#### Instructions for the task:
Copy the lines of the data below exactly, starting at the first and stopping after the line that contains "clico em OK"; include no pictures.

Stored entries
◇ ◇ ◇ ◇ ◇

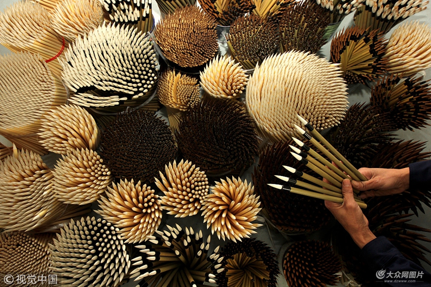 2018年11月25日,在山東省棗莊市陰平鎮(zhèn),技術(shù)人員在檢查毛筆質(zhì)量。
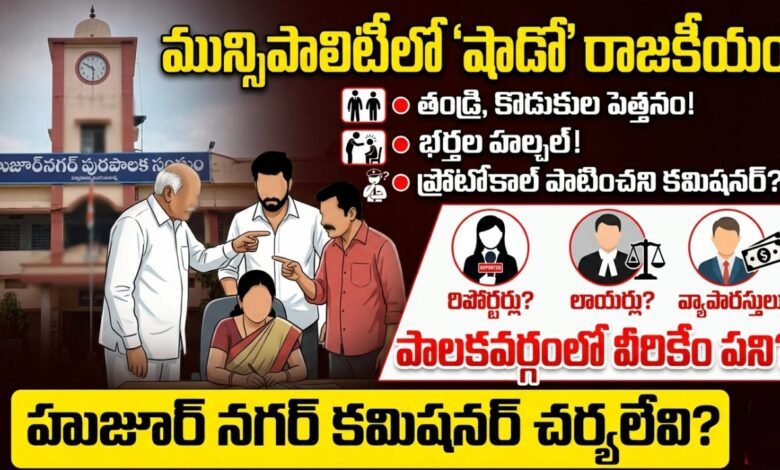 సూర్యాపేట జిల్లా హుజూర్ నగర్ మున్సిపాలిటీలో ప్రస్తుతం అసలు సిసలు పాలకవర్గం కంటే, వారి కుటుంబ సభ్యుల పెత్తనమే ఎక్కువగా ఉందన్న విమర్శలు వెల్లువెత్తుతున్నాయి. తండ్రులు, భర్తలు, కొడుకులు మున్సిపల్ కార్యాలయంలో తిష్టవేసి చక్రం తిప్పుతుంటే, అసలైన ప్రజాప్రతినిధులు నామమాత్రంగానే మిగిలిపోతున్నారు.
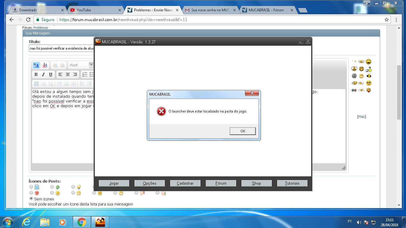 clico em OK e depois em jogar e aparece a seguinte mensagem
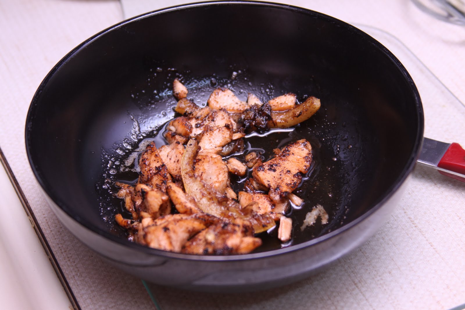 Sergio likes the raw fish, I like it cooked. And Hannah can only eat cooked because of her age. So first I prepared the seared salmon. Place butter and the salmon in the skillet. Squeeze some lemon over the salmon and sprinkle some pepper. On Med-High heat cook the salmon for about 2-3 minutes on one side, flip over and cook another 2-3 minutes on the other side. It cooks fast so don't walk away. The result
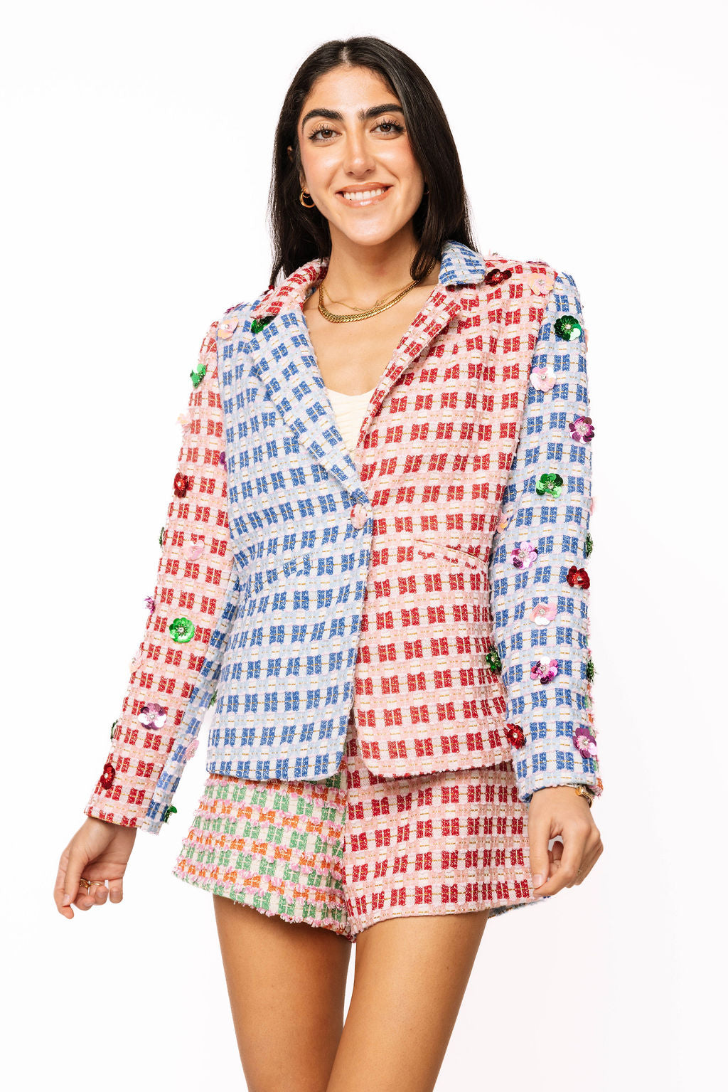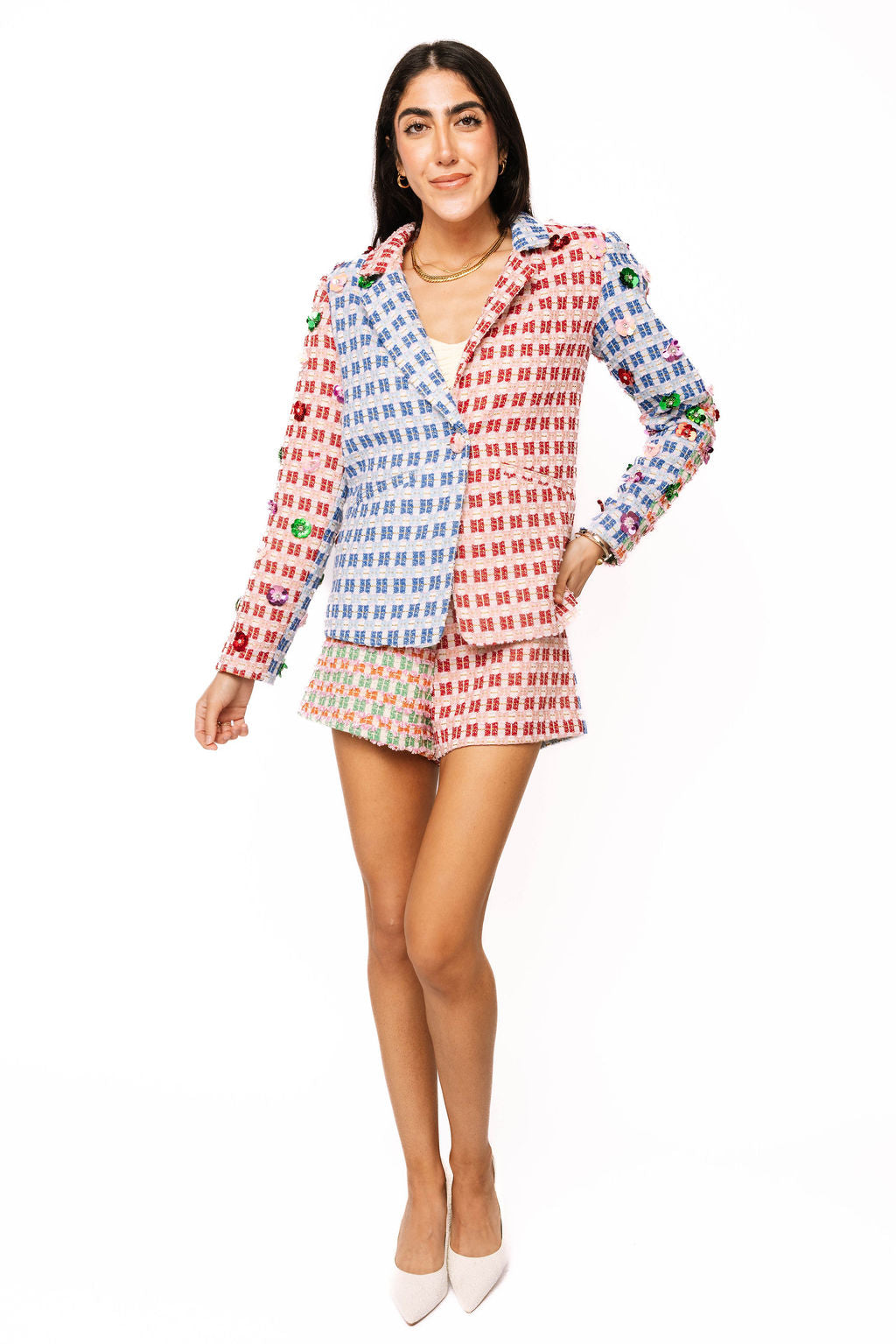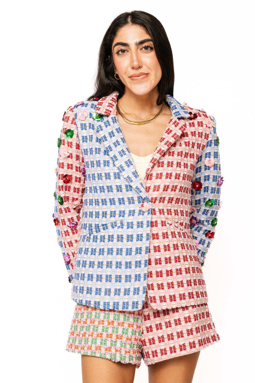 Elevate your spring wardrobe with these eye-catching colorblock tweed shorts. The dynamic color-blocking design brings modern flair to a classic tweed fabric, perfect for creating polished, put-together looks. Pair with the matching blazer to craft a coordinated ensemble ideal for Easter celebrations, garden parties, or any spring occasion. Whether styled as a complete set or mixed with your existing pieces, these shorts deliver versatile sophistication with undeniable style impact.
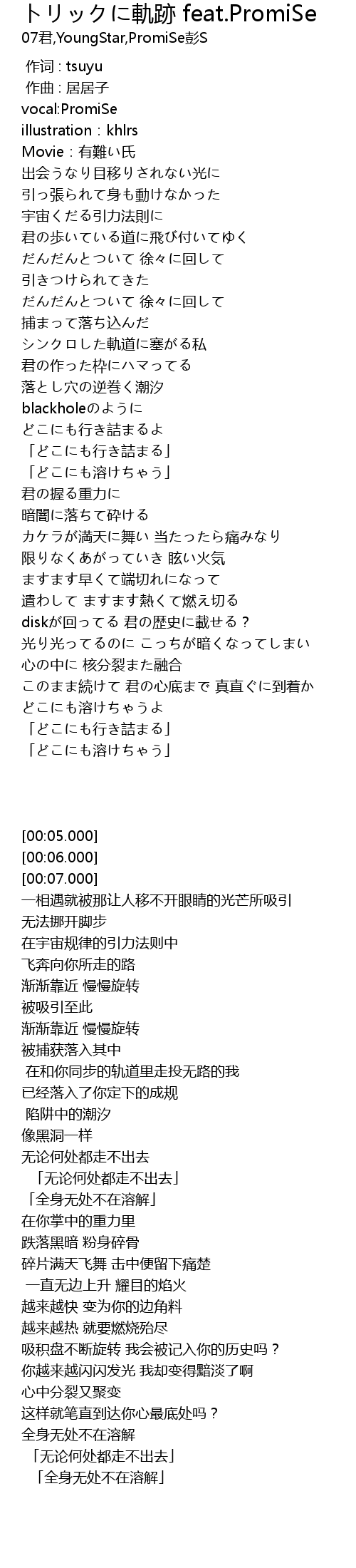 | [01:01.361] | シンクロした軌道に塞がる私 |
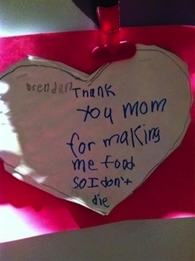 | Bredan với lời nhắn rất "thực tế" dành cho mẹ: "Cảm ơn mẹ vì làm thức ăn cho con, vì vậy con không chết". |
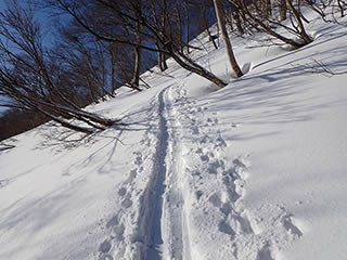 尾根上をひたすら直登するトレースです。
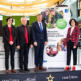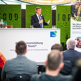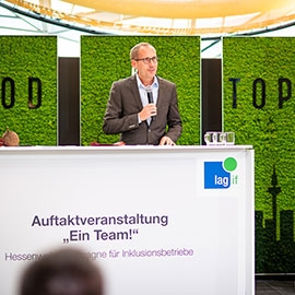 „Wir wollen eine inklusive Gesellschaft“, betonte Hessens Sozial- und Integrationsminister Kai Klose auf der Auftaktveranstaltung für die Kampagne „Ein Team!“. Mit dieser Kampagne will die Landesarbeitsgemeinschaft Inklusionsfirmen, LAG If Hessen, zeigen, dass Menschen mit Behinderung ein selbstverständlicher Teil der Arbeitsgesellschaft sind. Sie wirbt bei Unternehmen dafür, ein Inklusionsbetrieb zu werden oder eine Inklusionsabteilung aufzubauen. Martin Berg, Vorsitzender der LAG Inklusionsfirmen Hessen e. V., machte zum Kampagnenstart deutlich: „Wir wollen die Zahl der inklusiven Unternehmen spürbar erhöhen. Unsere Kampagne zeigt exemplarisch Unternehmen, in denen die Zusammenarbeit mit Menschen mit Beeinträchtigung hervorragend funktioniert.“

◇ ◇ ◇ ◇ ◇

#### Solved exercise:
 2018年11月25日,在山東省棗莊市陰平鎮(zhèn),技術(shù)人員在檢查毛筆質(zhì)量。
 సూర్యాపేట జిల్లా హుజూర్ నగర్ మున్సిపాలిటీలో ప్రస్తుతం అసలు సిసలు పాలకవర్గం కంటే, వారి కుటుంబ సభ్యుల పెత్తనమే ఎక్కువగా ఉందన్న విమర్శలు వెల్లువెత్తుతున్నాయి. తండ్రులు, భర్తలు, కొడుకులు మున్సిపల్ కార్యాలయంలో తిష్టవేసి చక్రం తిప్పుతుంటే, అసలైన ప్రజాప్రతినిధులు నామమాత్రంగానే మిగిలిపోతున్నారు.
 clico em OK e depois em jogar e aparece a seguinte mensagem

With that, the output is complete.